Project

A review to document and characterize the aggregation models used in agricultural value chains for biofortified crops globally and within the Commercialisation of Biofortified Crops (“CBC”) programme.

Acronym
GAIN 2022
Code
41Y06722
Duration
21 November 2022 → 28 February 2023
Funding
European funding: various
Research disciplines
  • Social sciences
    • Agricultural and natural resource economics, environmental and ecological economics
    • Business management
    • Logistics and supply chain management
    • Marketing channels and retailing
    • Marketing models
Keywords
Biofortification Scoping review in-depth interviews Agricultural value chains Farmers
 
Project description

Through the Commercialising Biofortified Crops (CBC) programme, GAIN and HarvestPlus share an ambition to expand coverage of biofortified nutrient dense foods to at least 190 million consumers by 2022. The current focus will be on biofortified varieties of six highly promising crops, developed by HarvestPlus and its partners. These crops form the frontline cluster of sentinel nutritious staple crops to be considered for commercialisation at scale by the partnership. 

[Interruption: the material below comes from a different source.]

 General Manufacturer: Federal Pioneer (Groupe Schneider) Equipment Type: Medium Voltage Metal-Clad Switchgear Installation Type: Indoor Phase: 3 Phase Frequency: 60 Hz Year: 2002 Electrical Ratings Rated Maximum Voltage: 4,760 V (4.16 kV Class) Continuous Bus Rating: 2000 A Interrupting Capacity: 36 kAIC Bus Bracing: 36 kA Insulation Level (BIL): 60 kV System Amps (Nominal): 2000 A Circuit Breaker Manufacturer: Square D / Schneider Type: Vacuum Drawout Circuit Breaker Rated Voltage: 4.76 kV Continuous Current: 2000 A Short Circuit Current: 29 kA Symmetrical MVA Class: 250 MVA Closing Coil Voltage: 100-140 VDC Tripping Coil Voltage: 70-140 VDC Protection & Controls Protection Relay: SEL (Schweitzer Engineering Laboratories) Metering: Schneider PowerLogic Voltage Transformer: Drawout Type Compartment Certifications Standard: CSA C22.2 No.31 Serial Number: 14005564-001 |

in the frame of the CBC-programme, the main objective of this project is to undertake a review to document and characterise the aggregation models used in agricultural value chains for biofortified crops globally and within the CBC programme.
The specific research questions are:
1. What types of aggregation models are used in agricultural value chains for biofortified crops globally and what are their characteristics (e.g., category/type, actors involved, resources required) and aims (e.g., to improve production, supply, efficiencies, profitability)?
2. Within these models, what are the barriers and enablers to achieving the intended effects?
3. Which aggregation models would be most applicable to the commercialisation of biofortified crops?
4. To what extent did the aggregation models used under the CBC programme fit into these categories and achieve the intended effects, and if not, how could they be improved moving forward?